With the pictures left out, every record must be reproduced exactly.

═══ Dataset excerpts ═══

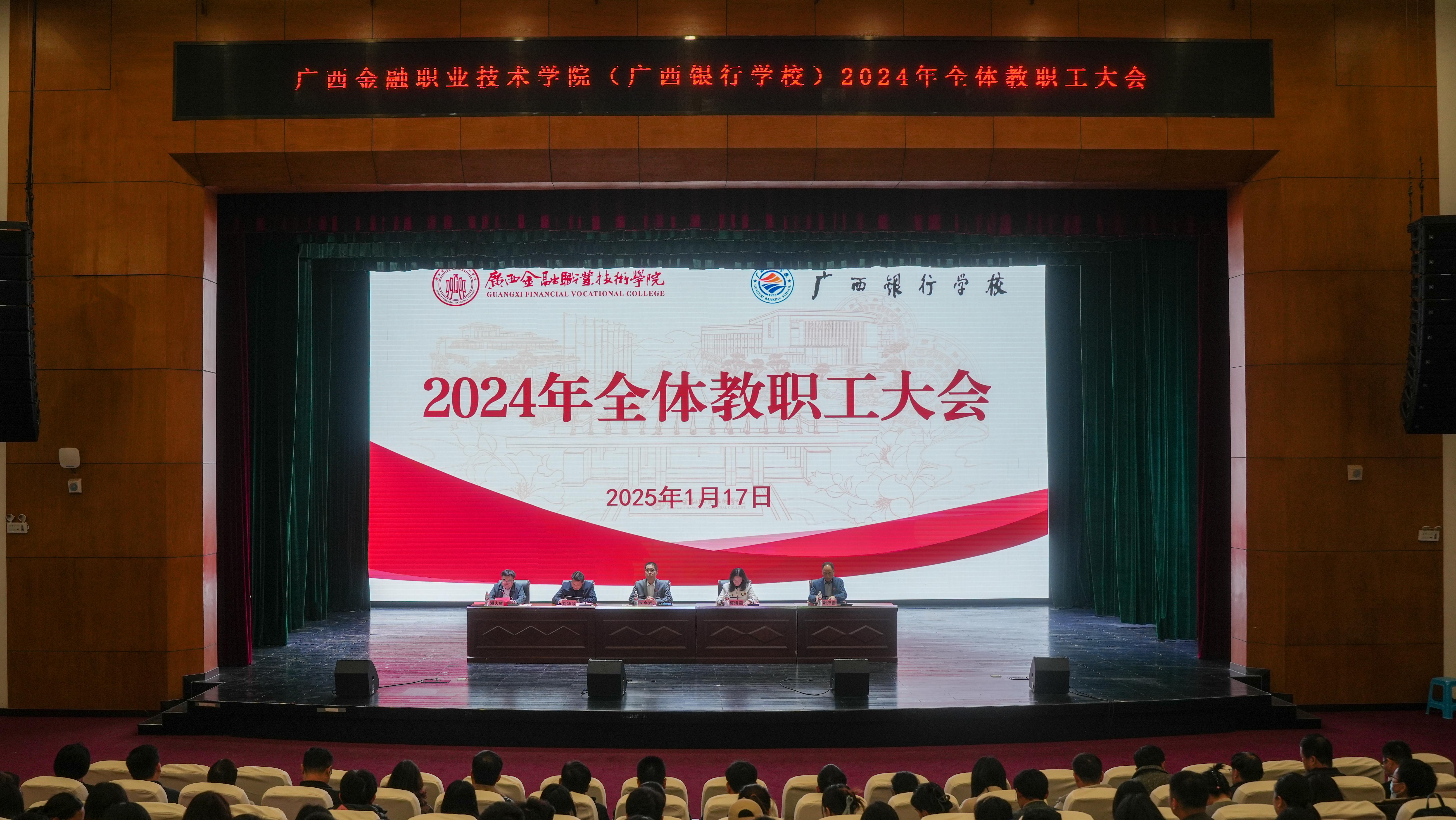2025年1月17日,万象城官网在西校区国际会议中心召开awc77万象城官网(广西银行学校)2025年全体教职工大会。学校领导出席会议,全体教职员工参加会议。大会由副校长潘大胜主持。
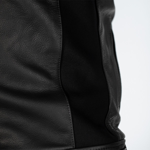 La veste Fusion a un look typiquement vintage, mais dispose des technologies de protection les plus récentes.  Cette veste classique est tout simplement bluffante à porter. Fabriquée à partir d’un cuir de vachette ciré à l'aniline, elle intègre un tissu stretch quadri-directionnel avec des empiècements d’aisance qui s'étendent du côté du corps jusqu’aux bras, offrant un confort accru sans entraver le déploiement de l’airbag. En outre, sa coupe ajustée et ses caractéristiques principales, telles que la doublure fixe en filet, les manchettes et le col en cuir roulé, les fermetures zippées de style vintage et les réglages d'ajustement au niveau de la taille, confèrent à la veste Fusion un design à la fois subtil et sobre. La sécurité du pilote a également été soignée grâce à un ensemble de protections CE Niveau 1 incluant une protection dorsale et un airbag de technologie In&Motion : c’est dans l'union du style et de la protection que la veste Fusion prend tout son sens. Protection Protection dorsale In&motion CE Niveau 1 Protection épaules CE Niveau 1 Protection coudes CE Niveau 1 Airbag : système In&motion Fabrication Matière principale externe : cuir de vachette ciré à l'aniline de qualité supérieure Matière extensible : stretch quadridirectionnel Doublure intérieure : Doublure fixe en filet 3D Quick Dry Manchette : cuir roulé Col : cuir roulé Fermetures éclair RST de qualité supérieure Fil : nylon collé Zip de raccord : non  Caractéristiques  Réglage : sangles de serrage à boucle frontale au niveau de la taille Poches extérieures : 3 Poches intérieures : 1
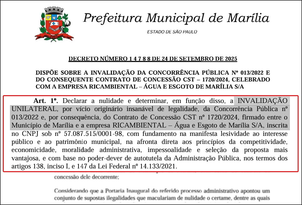 A Prefeitura de Marília publica no Diário Oficial do Município desta quinta-feira o decreto 14.788, que invalida o processo de concessão dos serviços de água e esgotamento sanitário com a empresa RIC Ambiental, vencedora do certame. A medida foi anunciada pelo prefeito Vinicius Camarinha durante entrevista coletiva nesta tarde. A medida emitiu uma nota oficial sobre essa medida do Executivo (veja abaixo).
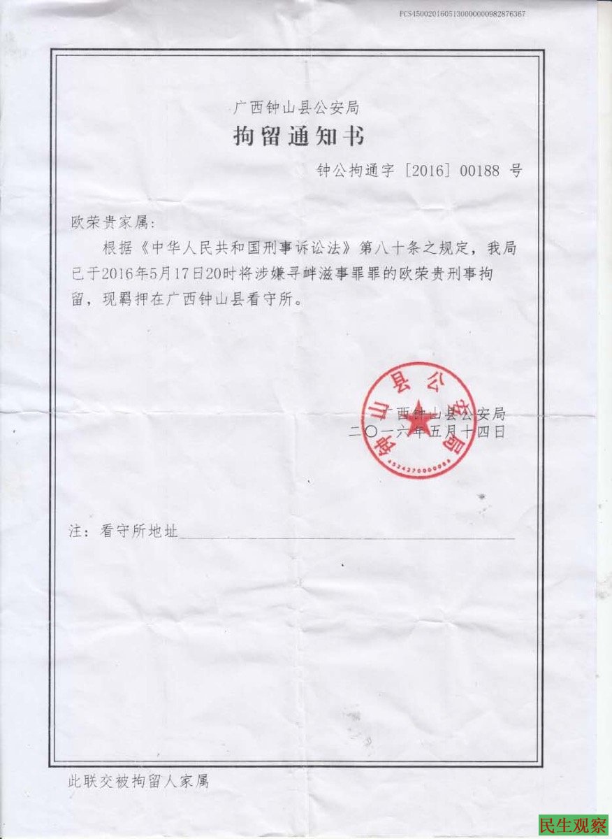 27号下午本工作室志愿者辗转电话联系了欧荣贵的姐姐欧玉林,她告诉本工作室,弟弟欧荣贵是被广西钟山县警方带走的,昨天家里已经收到刑事拘留通知书,说是涉嫌寻衅滋事罪,被关在钟山县看守所,当时警方跨市到桂林家中抓的人,其他情况欧玉林也不清楚。
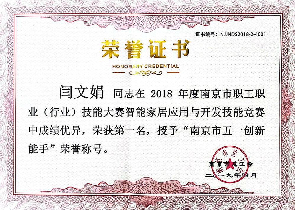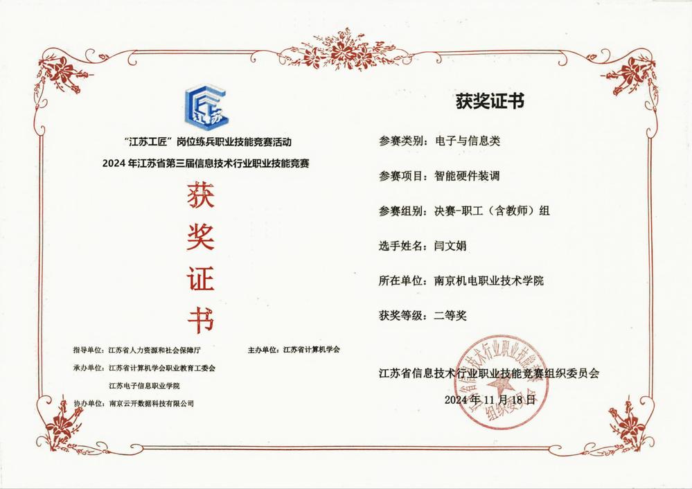 闫文娟,女,硕士,副教授,专业负责人,南京市技术能手,南京市五一创新能手,市级“物联网应用技术”高水平专业群负责人,获得省级教师组技能大赛二等奖2次,三等奖1次;指导学生获得技能竞赛省级一等奖2次,二等奖6次,三等奖15次;主持纵横向科研课题5项,发表论文16篇,其中核心2篇,专利授权9项,主编教材2本。
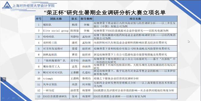 會計學(xué)院副院長楊慧輝教授向與會嘉賓介紹了本次“榮正杯”研究生企業(yè)調(diào)研分析大賽的啟動背景、報名參賽、評審立項(xiàng)的情況。為發(fā)揮實(shí)踐育人在研究生創(chuàng)新人才培養(yǎng)中的積極作用,培養(yǎng)和增強(qiáng)研究生的創(chuàng)新意識和發(fā)現(xiàn)、分析、解決企業(yè)實(shí)際問題的應(yīng)用創(chuàng)新能力和實(shí)踐能力,在作為會計學(xué)院產(chǎn)學(xué)研基地之一的上海榮正投資咨詢股份有限公司大力支持下,學(xué)院研究生暑期企業(yè)調(diào)研分析大賽啟動。自5月中旬發(fā)布大賽申報通知以來,共有20多支隊(duì)伍共百余名研究生積極報名,最終經(jīng)過綜合評選,13支參賽隊(duì)伍入選,參與研究生達(dá)70余名。
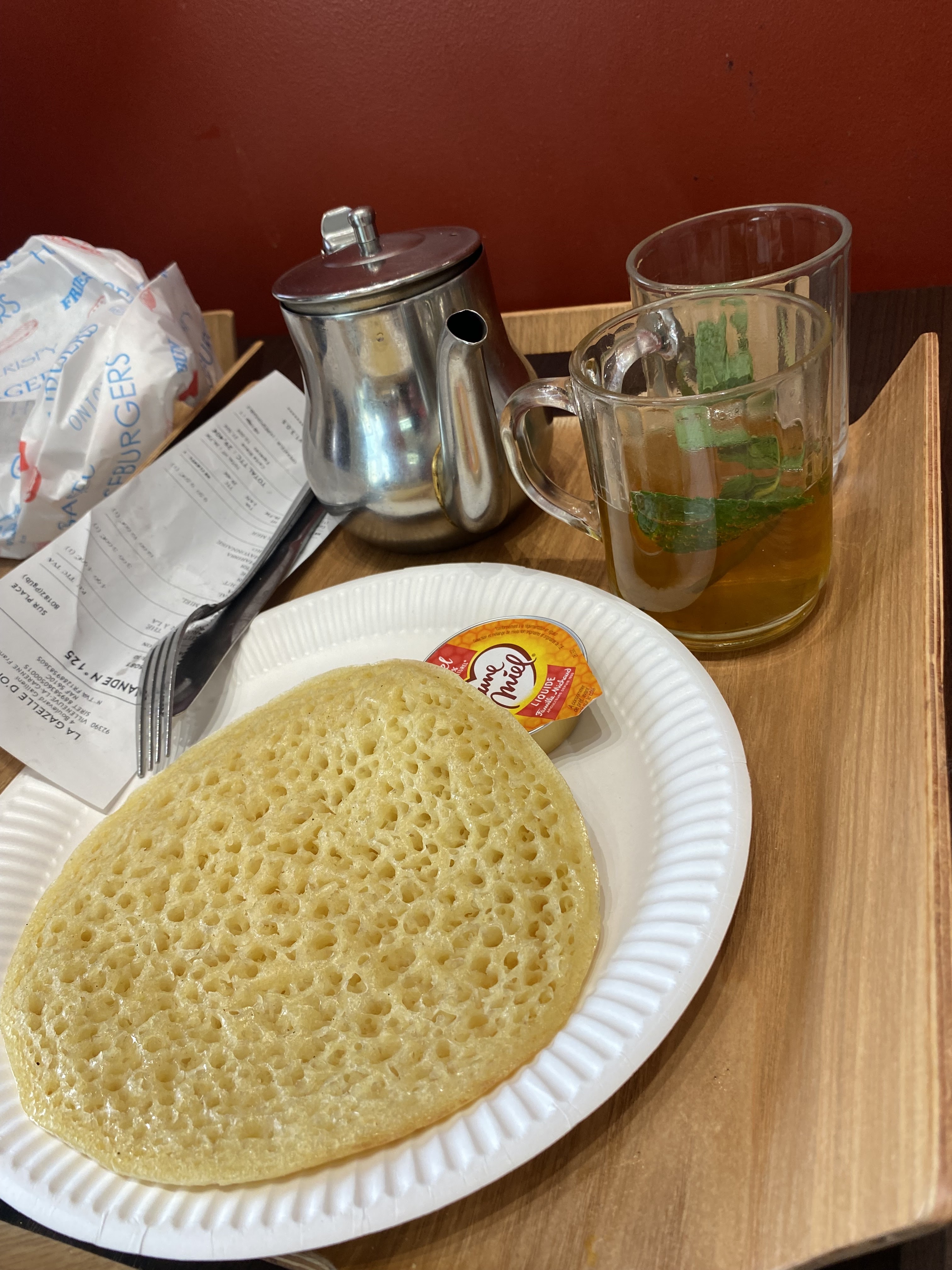 7 euros 1 msemen sans beurre ni miel avec un thé amer et un jus de grande surface. Pas ouf!!
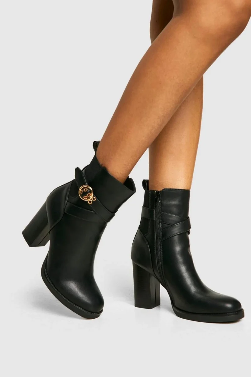 BOOHOO Buckle Detail Heeled Chelsea Boot
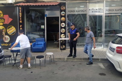 Zabıta ekipleri, yayaların geçişine engel oluşturan malzemeleri kaldırırken, iş yeri sahiplerine uyarılarda bulundu.
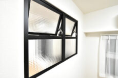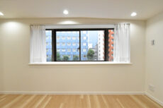 南側は隣の建物が近くこちら側の窓からの採光はあまり望めません。その代わり、LDKとつながった窓からLDKを通して外光を取り入れることができるようになっています。窓の外は15~20cmくらいでしょうか。開けておいてもどこからものぞかれることはありませんし、侵入の心配もなさそうです。隙間がないのも悪いことばかりではないんですね。
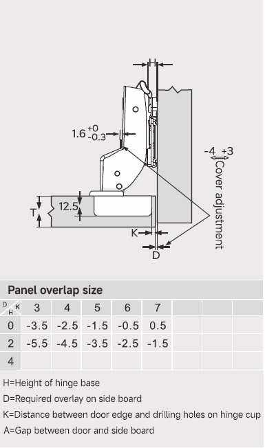 Глубина сверления под чашку петли, мм
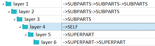Mit =>SUBPARTS:Module wird nach allen Modulen gesucht, die sich unterhalb des ausgewählten Elements befinden.

═══

Output for this exercise:
2025年1月17日,万象城官网在西校区国际会议中心召开awc77万象城官网(广西银行学校)2025年全体教职工大会。学校领导出席会议,全体教职员工参加会议。大会由副校长潘大胜主持。
 La veste Fusion a un look typiquement vintage, mais dispose des technologies de protection les plus récentes.  Cette veste classique est tout simplement bluffante à porter. Fabriquée à partir d’un cuir de vachette ciré à l'aniline, elle intègre un tissu stretch quadri-directionnel avec des empiècements d’aisance qui s'étendent du côté du corps jusqu’aux bras, offrant un confort accru sans entraver le déploiement de l’airbag. En outre, sa coupe ajustée et ses caractéristiques principales, telles que la doublure fixe en filet, les manchettes et le col en cuir roulé, les fermetures zippées de style vintage et les réglages d'ajustement au niveau de la taille, confèrent à la veste Fusion un design à la fois subtil et sobre. La sécurité du pilote a également été soignée grâce à un ensemble de protections CE Niveau 1 incluant une protection dorsale et un airbag de technologie In&Motion : c’est dans l'union du style et de la protection que la veste Fusion prend tout son sens. Protection Protection dorsale In&motion CE Niveau 1 Protection épaules CE Niveau 1 Protection coudes CE Niveau 1 Airbag : système In&motion Fabrication Matière principale externe : cuir de vachette ciré à l'aniline de qualité supérieure Matière extensible : stretch quadridirectionnel Doublure intérieure : Doublure fixe en filet 3D Quick Dry Manchette : cuir roulé Col : cuir roulé Fermetures éclair RST de qualité supérieure Fil : nylon collé Zip de raccord : non  Caractéristiques  Réglage : sangles de serrage à boucle frontale au niveau de la taille Poches extérieures : 3 Poches intérieures : 1
 A Prefeitura de Marília publica no Diário Oficial do Município desta quinta-feira o decreto 14.788, que invalida o processo de concessão dos serviços de água e esgotamento sanitário com a empresa RIC Ambiental, vencedora do certame. A medida foi anunciada pelo prefeito Vinicius Camarinha durante entrevista coletiva nesta tarde. A medida emitiu uma nota oficial sobre essa medida do Executivo (veja abaixo).
 27号下午本工作室志愿者辗转电话联系了欧荣贵的姐姐欧玉林,她告诉本工作室,弟弟欧荣贵是被广西钟山县警方带走的,昨天家里已经收到刑事拘留通知书,说是涉嫌寻衅滋事罪,被关在钟山县看守所,当时警方跨市到桂林家中抓的人,其他情况欧玉林也不清楚。
 闫文娟,女,硕士,副教授,专业负责人,南京市技术能手,南京市五一创新能手,市级“物联网应用技术”高水平专业群负责人,获得省级教师组技能大赛二等奖2次,三等奖1次;指导学生获得技能竞赛省级一等奖2次,二等奖6次,三等奖15次;主持纵横向科研课题5项,发表论文16篇,其中核心2篇,专利授权9项,主编教材2本。
 會計學(xué)院副院長楊慧輝教授向與會嘉賓介紹了本次“榮正杯”研究生企業(yè)調(diào)研分析大賽的啟動背景、報名參賽、評審立項(xiàng)的情況。為發(fā)揮實(shí)踐育人在研究生創(chuàng)新人才培養(yǎng)中的積極作用,培養(yǎng)和增強(qiáng)研究生的創(chuàng)新意識和發(fā)現(xiàn)、分析、解決企業(yè)實(shí)際問題的應(yīng)用創(chuàng)新能力和實(shí)踐能力,在作為會計學(xué)院產(chǎn)學(xué)研基地之一的上海榮正投資咨詢股份有限公司大力支持下,學(xué)院研究生暑期企業(yè)調(diào)研分析大賽啟動。自5月中旬發(fā)布大賽申報通知以來,共有20多支隊(duì)伍共百余名研究生積極報名,最終經(jīng)過綜合評選,13支參賽隊(duì)伍入選,參與研究生達(dá)70余名。
 7 euros 1 msemen sans beurre ni miel avec un thé amer et un jus de grande surface. Pas ouf!!
 BOOHOO Buckle Detail Heeled Chelsea Boot
 Zabıta ekipleri, yayaların geçişine engel oluşturan malzemeleri kaldırırken, iş yeri sahiplerine uyarılarda bulundu.
 南側は隣の建物が近くこちら側の窓からの採光はあまり望めません。その代わり、LDKとつながった窓からLDKを通して外光を取り入れることができるようになっています。窓の外は15~20cmくらいでしょうか。開けておいてもどこからものぞかれることはありませんし、侵入の心配もなさそうです。隙間がないのも悪いことばかりではないんですね。
 Глубина сверления под чашку петли, мм
Mit =>SUBPARTS:Module wird nach allen Modulen gesucht, die sich unterhalb des ausgewählten Elements befinden.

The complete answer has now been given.